- Exercise -
Print every entry, word for word, and skip the images.

- Available data -
┄┄┄┄┄┄
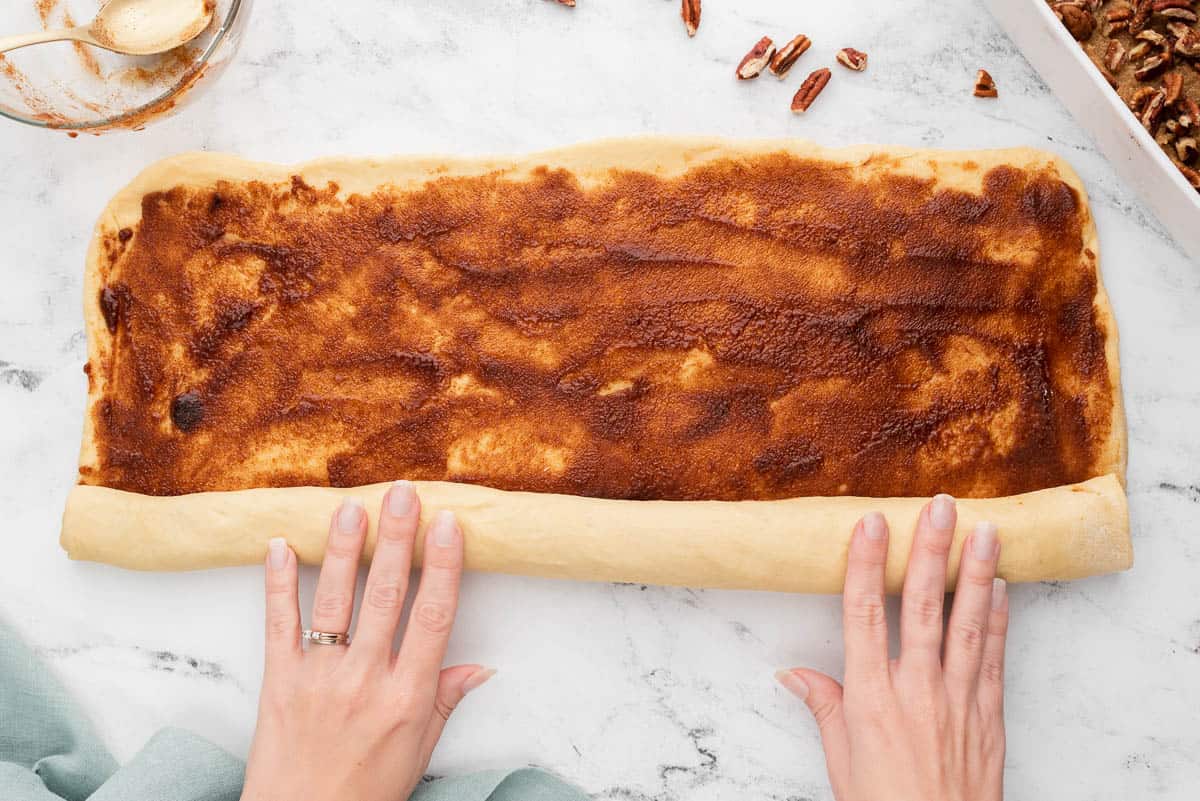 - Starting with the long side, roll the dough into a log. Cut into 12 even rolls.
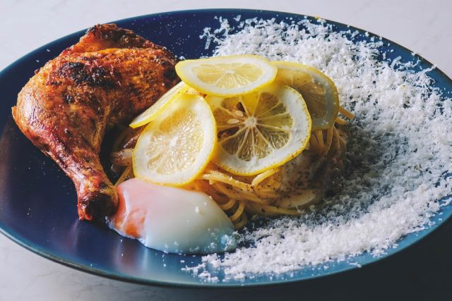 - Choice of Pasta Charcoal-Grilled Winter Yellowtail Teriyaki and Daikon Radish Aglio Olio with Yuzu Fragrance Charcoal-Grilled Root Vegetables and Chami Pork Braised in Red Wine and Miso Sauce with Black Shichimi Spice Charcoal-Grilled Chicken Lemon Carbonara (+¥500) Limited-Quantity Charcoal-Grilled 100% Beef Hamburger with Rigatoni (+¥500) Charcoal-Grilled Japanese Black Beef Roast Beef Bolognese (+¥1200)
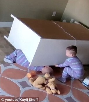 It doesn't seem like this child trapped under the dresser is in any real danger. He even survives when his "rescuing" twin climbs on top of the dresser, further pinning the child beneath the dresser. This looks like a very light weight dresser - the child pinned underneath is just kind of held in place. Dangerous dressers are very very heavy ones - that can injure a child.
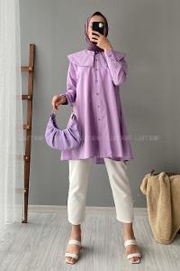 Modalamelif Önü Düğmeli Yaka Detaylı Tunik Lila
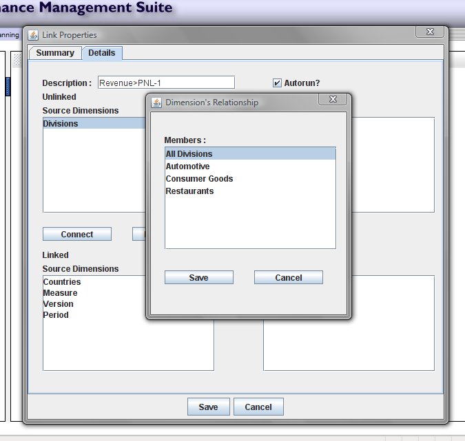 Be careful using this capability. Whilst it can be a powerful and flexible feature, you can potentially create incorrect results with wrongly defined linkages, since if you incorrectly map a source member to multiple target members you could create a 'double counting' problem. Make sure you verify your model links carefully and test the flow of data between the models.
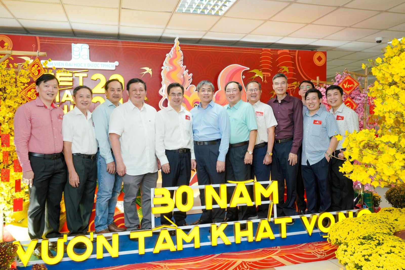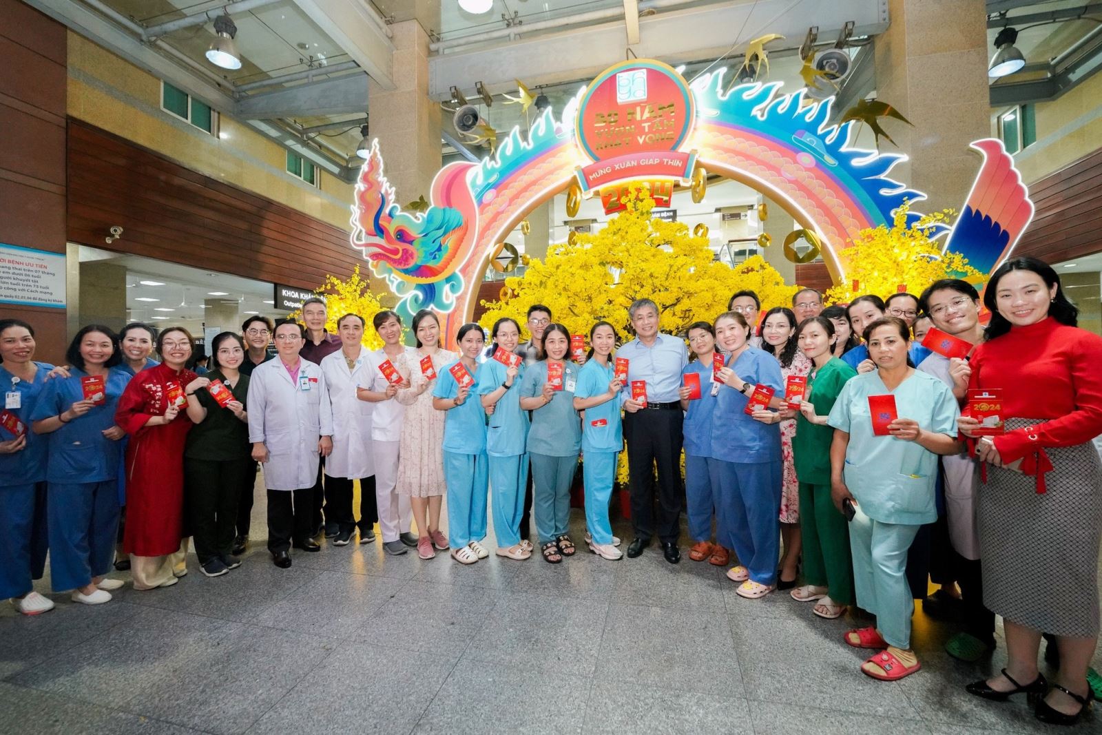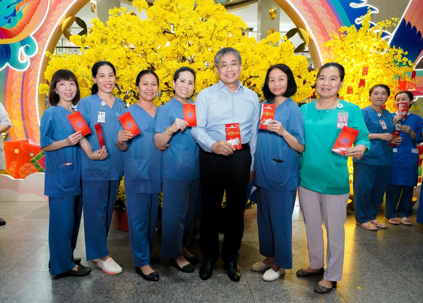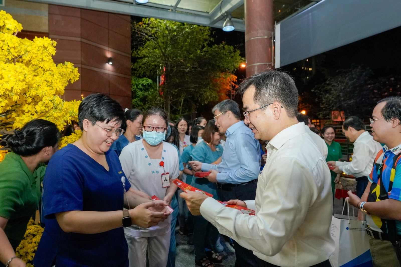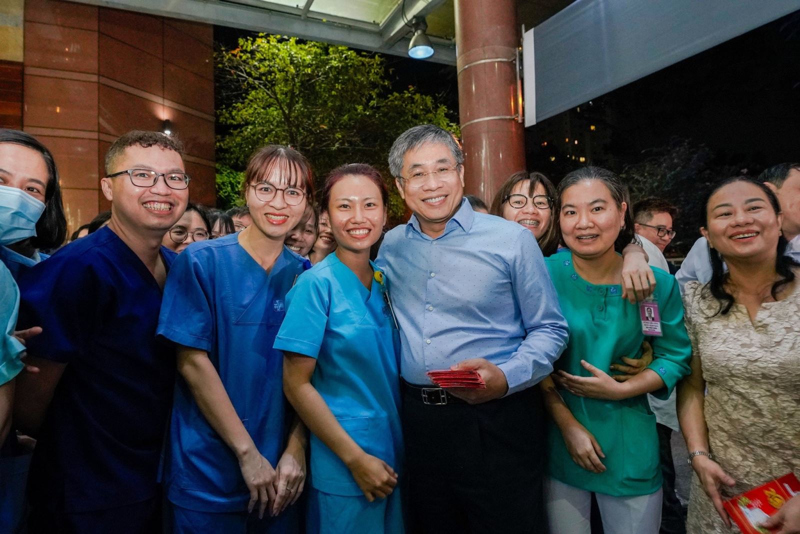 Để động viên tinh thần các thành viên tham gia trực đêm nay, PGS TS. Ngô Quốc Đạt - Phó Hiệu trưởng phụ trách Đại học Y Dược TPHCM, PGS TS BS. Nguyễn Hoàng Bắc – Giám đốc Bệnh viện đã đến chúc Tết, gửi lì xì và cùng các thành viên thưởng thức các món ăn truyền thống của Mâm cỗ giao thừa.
┄┄┄┄┄┄
- Answer -
 - Starting with the long side, roll the dough into a log. Cut into 12 even rolls.
 - Choice of Pasta Charcoal-Grilled Winter Yellowtail Teriyaki and Daikon Radish Aglio Olio with Yuzu Fragrance Charcoal-Grilled Root Vegetables and Chami Pork Braised in Red Wine and Miso Sauce with Black Shichimi Spice Charcoal-Grilled Chicken Lemon Carbonara (+¥500) Limited-Quantity Charcoal-Grilled 100% Beef Hamburger with Rigatoni (+¥500) Charcoal-Grilled Japanese Black Beef Roast Beef Bolognese (+¥1200)
 It doesn't seem like this child trapped under the dresser is in any real danger. He even survives when his "rescuing" twin climbs on top of the dresser, further pinning the child beneath the dresser. This looks like a very light weight dresser - the child pinned underneath is just kind of held in place. Dangerous dressers are very very heavy ones - that can injure a child.
 Modalamelif Önü Düğmeli Yaka Detaylı Tunik Lila
 Be careful using this capability. Whilst it can be a powerful and flexible feature, you can potentially create incorrect results with wrongly defined linkages, since if you incorrectly map a source member to multiple target members you could create a 'double counting' problem. Make sure you verify your model links carefully and test the flow of data between the models.
 Để động viên tinh thần các thành viên tham gia trực đêm nay, PGS TS. Ngô Quốc Đạt - Phó Hiệu trưởng phụ trách Đại học Y Dược TPHCM, PGS TS BS. Nguyễn Hoàng Bắc – Giám đốc Bệnh viện đã đến chúc Tết, gửi lì xì và cùng các thành viên thưởng thức các món ăn truyền thống của Mâm cỗ giao thừa.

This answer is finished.